AMC10 2015 B

AMC10 2015 B · Q24

AMC10 2015 B · Q24. It mainly tests Sequences & recursion (algebra), Coordinate geometry.

Aaron the ant walks on the coordinate plane according to the following rules. He starts at the origin $p_0=(0,0)$ facing to the east and walks one unit, arriving at $p_1=(1,0)$. For $n=1,2,3,\ldots$, right after arriving at the point $p_n$, if Aaron can turn $90^\circ$ left and walk one unit to an unvisited point $p_{n+1}$, he does that. Otherwise, he walks one unit straight ahead to reach $p_{n+1}$. Thus the sequence of points continues $p_2=(1,1)$, $p_3=(0,1)$, $p_4=(-1,1)$, $p_5=(-1,0)$, and so on in a counterclockwise spiral pattern. What is $p_{2015}$?
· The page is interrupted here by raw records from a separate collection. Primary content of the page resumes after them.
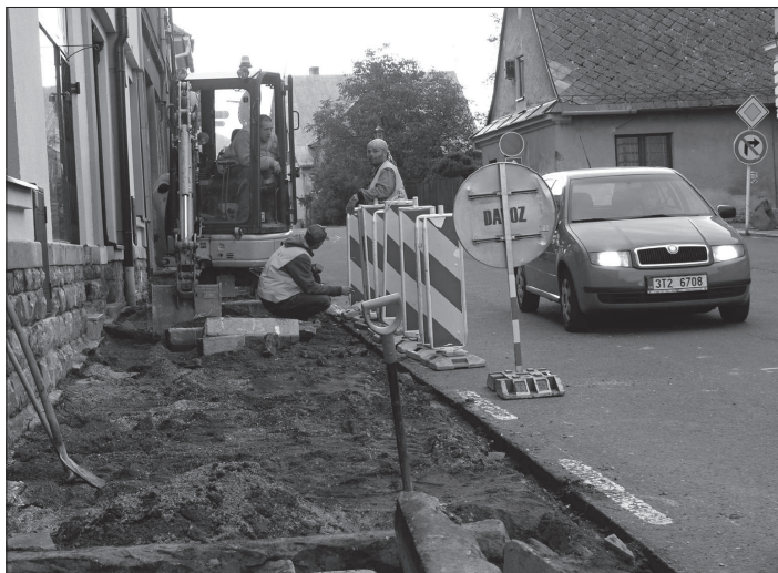
Výbudování přechodu pro chodce před restaurací v Prosku výrazně přispěje ke zvýšení pasivní bezpečnosti. Po dobu opravy bude průjezd inkriminovaným místem řízen semaforem.

Jako první aktivita geoparku Podbeskydí ve Skotnici bude realizace geologické naučné stezky. Ta bude začínat v parčíku v centru obce panelem s kameny dovozenými do zdejšího kraje ledovci a pokračovat kolem hřiště u mostu na Stíkovci až na Hončovu hůrku. Celkem bude na stezce pět zastavení, která budou informovat o geologických zajímavostech Skotnice. Panely budou nainstalovány během podzimu zejména díky vstřícnému přístupu vedení obce.
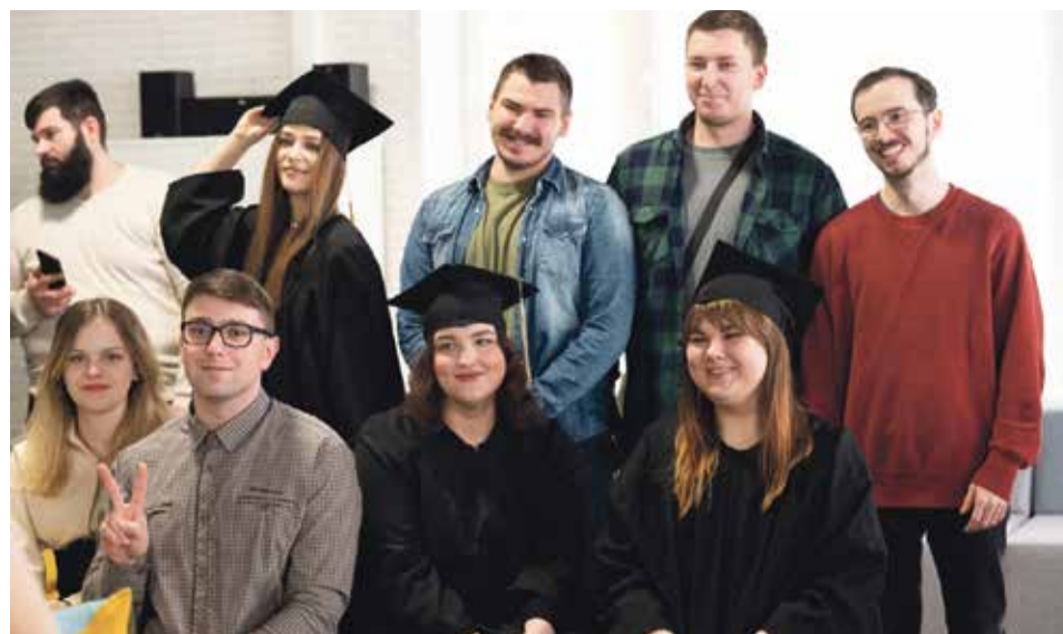
■ Уже молодые специалисты

Значительная часть выпускников, после окончания обучения, продолжают обучение по специальностям ординатуры в различных медицинских ВУЗах и научных центрах страны. Около четверти выпускников трудоустраиваются в первичное звено здравоохранения в медицинские учреждения ФМБА России, Калужской области, Московской области и других регионов Российской Федерации.
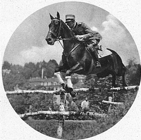
Ein schöner Sprung

Reitertage sind Festtage für Mann und Pferd — und für elegante Frauen, die bei solchen Anlässen nie fehlen. Grosse Springprüfungen, bei denen Hindernisse in langer Reihe und rascher Folge zu überwinden sind, zwingen Ross und Reiter, höchste Leistung, ihr ganzes Können zu zeigen. Und sie sind von eminent praktischem Werte; denn Hecken, Mauern, Gräben und Wälle ohne Zaudern zu nehmen, stellt Anforderungen, denen jeder im Gelände begegnen kann.
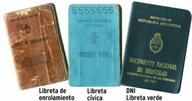
Libreta de enrolamiento
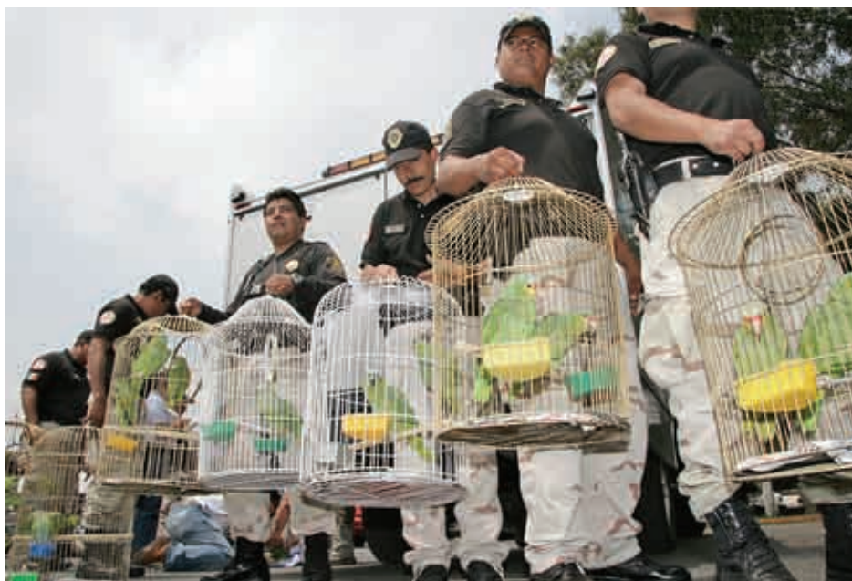
20 pericos atoleros fueron rescatados.
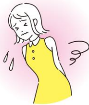
生理中やおりものべたつきによる不快感に
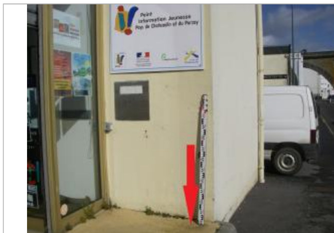
Seuil de la porte d'entrée

Altitude calculée de l'eau (en m) : 7.11
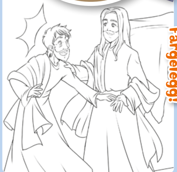
Tegning: Chiara Bertelli
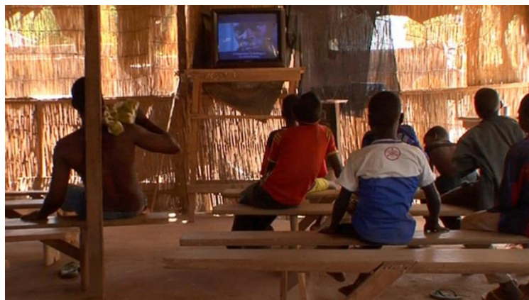
JEAN-MARIE TENO. Lieux saints . Película, 2009

Jean-Marie Teno vuelve a Uagadugú, capital de Burkina Faso, para asistir a FESPACO, el Festival Panafricano de Cine y Televisión, la gran cita del cine africano desde 1969. Pero esta vez decide, invitado por una amiga, residir y filmar en el barrio de St. Léon, donde, entre otras cosas, hay un cine club donde se proyectan copias piratas para los vecinos del
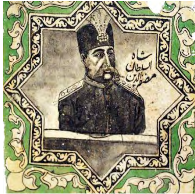
تصویر ۴۲. تأثیر از هنرهای کشورهای غربی (تمبر)، مظفرالدین شاه، بخش زینبیه در تکیه معاون الملک، کرمانشاه (مأخذ: آرشیو یوزباشی، ۱۳۹۹).
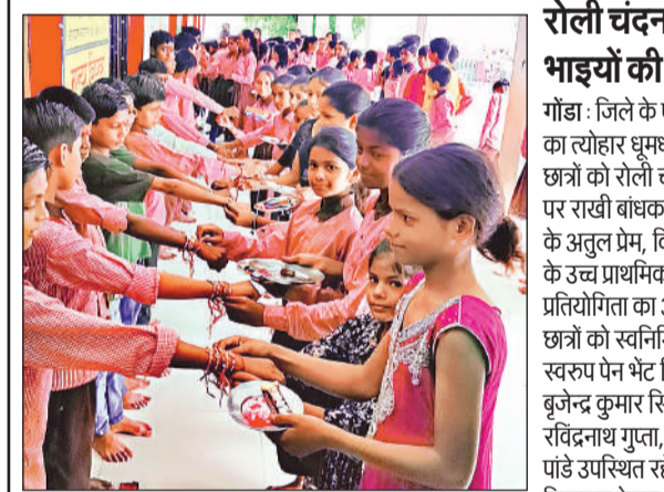
पूर्व माध्यमिक विद्यालय बेलवा नोहर में छात्रों को राखी बांधती छात्राएं।
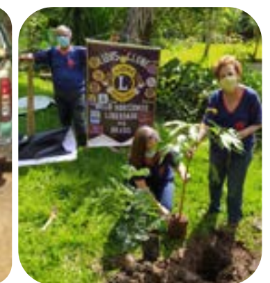
LC BH LIBERDADE

Clubes que estão fazendo parte do reflorestamento no Sítio Bela Vista, na Cidade de Simonévia:
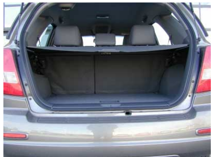
Mit 380l Volumen ist der Kofferraum nicht allzu groß.
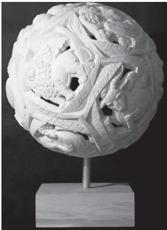
Рис. 3. "Дотик до зірок". Скульп. Василь Гоголь, 2017 р.
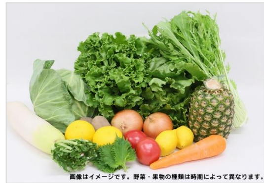
画像はイメージです。野菜・果物の種類は時期によって異なります。
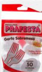
GARFO SOBREMESA CRISTAL 1X50 PT PRAFESTA COD: 1375
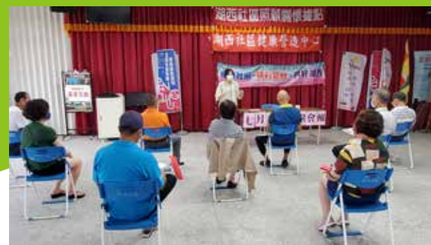
110/06/28 北寮社區 辦理7月份聯繫會報
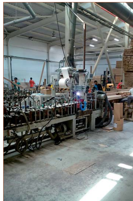
Переоборудование компанией «Экстру-Тех» ламинатора китайского производства на ПУР-систему
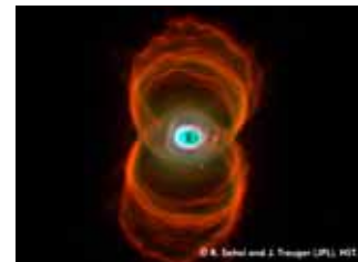
La nébuleuse du Sablier

Cet atelier sera aussi l'occasion d'organiser des discussions autour des métiers de l'astrophysique et d'expliquer en quoi consiste ce métier aujourd'hui.
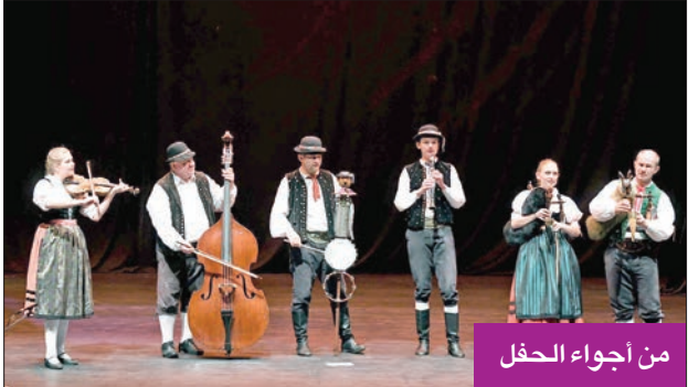
من أجواء الحفل

وفي تصريح للسفير التشيكي ياروسلاف سيرو، عبّر عن عمق العلاقات التشيكية- الكويتية، حيث بدأت منذ استقلال الكويت عام 1961،
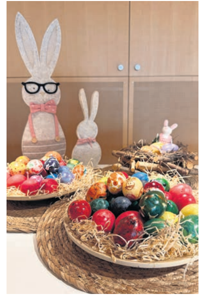
Bereit zum Eiertütchen.

Das gemeinsame Gestalten der Ostereier weckte bei vielen Bewohnerinnen und Bewohnern sowie Tagesheimgästen schöne Ostererinnerungen und förderte gleichzeitig das kreative Arbeiten, die Feinmotorik, die Konzentration sowie die Freude am Malen. Die Aktivität bot eine willkommene Abwechslung im Pflegealltag und stärkte das Gemeinschaftsgefühl.
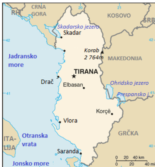
Slika 5.1.1. Opća karta Albanije

Preuzeto s: https://legacy.lib.utexas.edu/maps/albania.html (1. 2. 2018.)
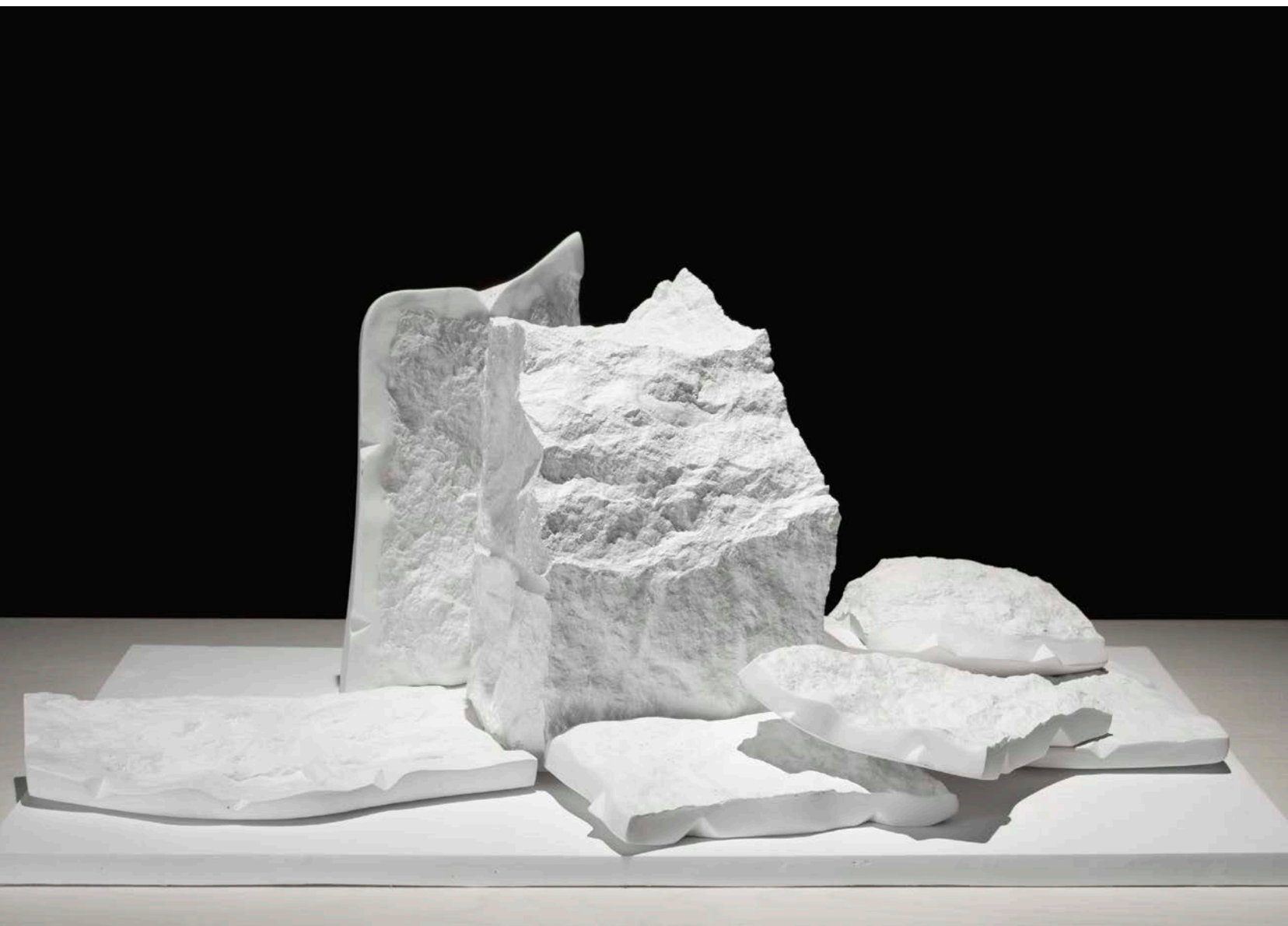
Chloé Desjardins, Apparition , 2013. Merisier russe, plâtre, teinture et vernis, 38 x 48 x 75 cm (pièce), 75 x 80 x 105 cm (base).

Thus displayed, these pedestals seem to have been denied their power of elevation and to have been diverted from their function of presenting a statue. This is similar for a work called Origine , which is a heap of plaster powder placed on a pedestal and protected in a display case. This “origin” has no connection to a precise model; rather, it identifies the material that makes it possible to duplicate any object. In short, Desjardins’s L'atelier du sculpteur is less a theatre of representation symbolizing the creative activity of the demiurge artist than a theatre of repetition – a repetition that hides, or disguises, the meaning of what, in a certain vision of art, is considered the origin of the artwork.
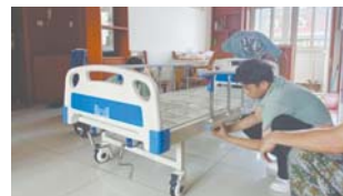
居家养老服务(闵善优护)之家庭养老床位建设。
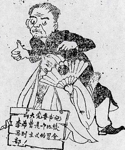
6. 狡狐藏刀披裙衫，斯文扇后阴风翻，主子奴才演双簧，黔驴技穷惨！惨！惨！
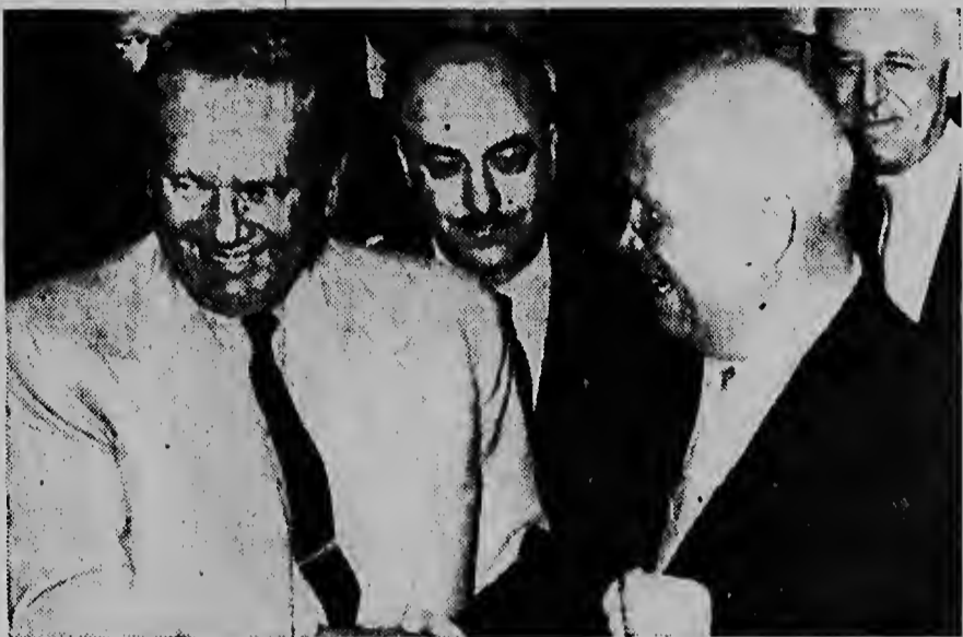
Premier Krushev y president Tito ta saluda otro cordialmente prome cu e asamblea general di Nacionnan Uni a cumenza.

Krutshef a bisita MacMillan Prome ministro Krutshef a bisita prome ministro MacMillan pa 1 1/2 ora, riba su mes peticion. Un portavoz ingles a bisa cu nan a discuti casi solamente e problema di
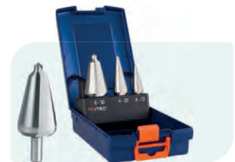
3-dlg. conische plaatborenset in ABS-cassette Type 420 1x Nr. 1, 2 en 3
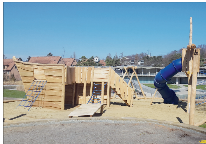
Das neue Piratenschiff im Freibad wird viele Kinder begeistern.

Das beliebte Freibad im Tal verfügt neben den Wasserflächen auch über eine Spielwiese, ein Beachvolleyballfeld, einen Sandkasten und einen Kinderspielplatz. Viele Gäste des Freibads sind Familien. Der bisherige Spielplatz und die Spielgeräte waren jedoch nicht für jedes Kinderalter geeignet, insbesondere nicht für Kleinkinder. In der Freibadsaison 2019 können sich die jungen Gäste nun auf einen neuen Spielplatz in Form eines Piratenschiffs freuen. Der Spielplatz verfügt über Kletterbereiche für unterschiedliche Ansprüche, zwei Rutschbahnen sowie eine grosse Schaukel. Übrigens: die Freibadsaison 2019 startet am 11. Mai 2019!
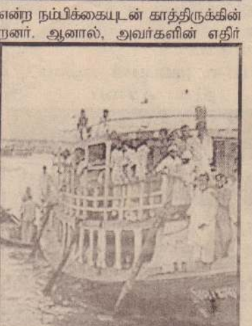
பங்களாதேஷில் அளவுக்கு அதிகமான பயணிகளுடன் செல்லும் படகு ஒன்று.

துக்கு இதுவரை 500 ரூபா அபராதம் தீர்ப்பு 1 வருடச் சிறையே தண்டனையாக வழங்கப்பட்டது. இதனால் கடுமையாக்கி, வல்லுறவுக் குற்றத்துக்கு 10 வருடங்கள் வரை சிறைத்தண்டனை வழங்கப்படும். பாலியல் பலாத்காரத்துக்கு உள்ளாக்கப்படும் சமயத்தில் தன்னை பாதுகாத்துக்கொள்ள ஒரு பெண் கொலையும் செய்யலாம். வல்லுறவுக் குட்படுத்தப்பட்ட ஒரு மனித்யியாலத் துக்குள் வல்லுறவு புரிந்தவனைக் கொன்றாலும் அது குற்றமாகாது. மேலும் ஒரு பெண்ணை வல்லுறவுக்கு ஆளாக்கியவனின் சொத்தில் பாதி பாதிப்படைந்த பெண்ணுக்கு சேரும் - இவ்வாறு நீதிமன்றம் கூறியது. இத்தீர்ப்பை நேபாள நாடாளுமன்றம் மூலம் சட்டமாக்கும்படியும் நீதிமன்றம் தெரிவித்துள்ளது. (ஓ)
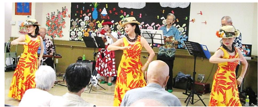
敬老会（デイサービスセンター）ハワイアン様による演奏と踊り多くのボランティア様のご協力の下、楽しい敬老会が行えました。高峯会様（日舞）、青い山脈様（劇）ほか皆様有難うございました。

蚂蚁 Aaron 按照如下规则在坐标平面上行走。他从原点 $p_0=(0,0)$ 出发，面朝东走 1 个单位，到达 $p_1=(1,0)$。对 $n=1,2,3,\ldots$，当 Aaron 刚到达点 $p_n$ 后，如果他可以向左转 $90^\circ$ 并走 1 个单位到一个未到访过的点 $p_{n+1}$，他就这样做；否则，他就沿着当前方向直走 1 个单位到达 $p_{n+1}$。因此点列继续为 $p_2=(1,1)$，$p_3=(0,1)$，$p_4=(-1,1)$，$p_5=(-1,0)$，以此类推，形成一个逆时针的螺旋路径。求 $p_{2015}$。

(A) (-22, -13) (-22, -13)

(B) (-13, -22) (-13, -22)

(D) (13, -22) (13, -22)

(E) (22, -13) (22, -13)

Answer

Correct choice: (D)

正确答案：（D）

Solution

Answer (D): Note that for any natural number $k$, when Aaron reaches point $(k,-k)$, he will have just completed visiting all of the grid points within the square with vertices at $(k,-k)$, $(k,k)$, $(-k,k)$, and $(-k,-k)$. Thus the point $(k,-k)$ is equal to $p_{(2k+1)^2-1}$. It follows that $p_{2024}=p_{(2\cdot22+1)^2-1}=(22,-22)$. Because $2024-2015=9$, the point $p_{2015}=(22-9,-22)=(13,-22)$.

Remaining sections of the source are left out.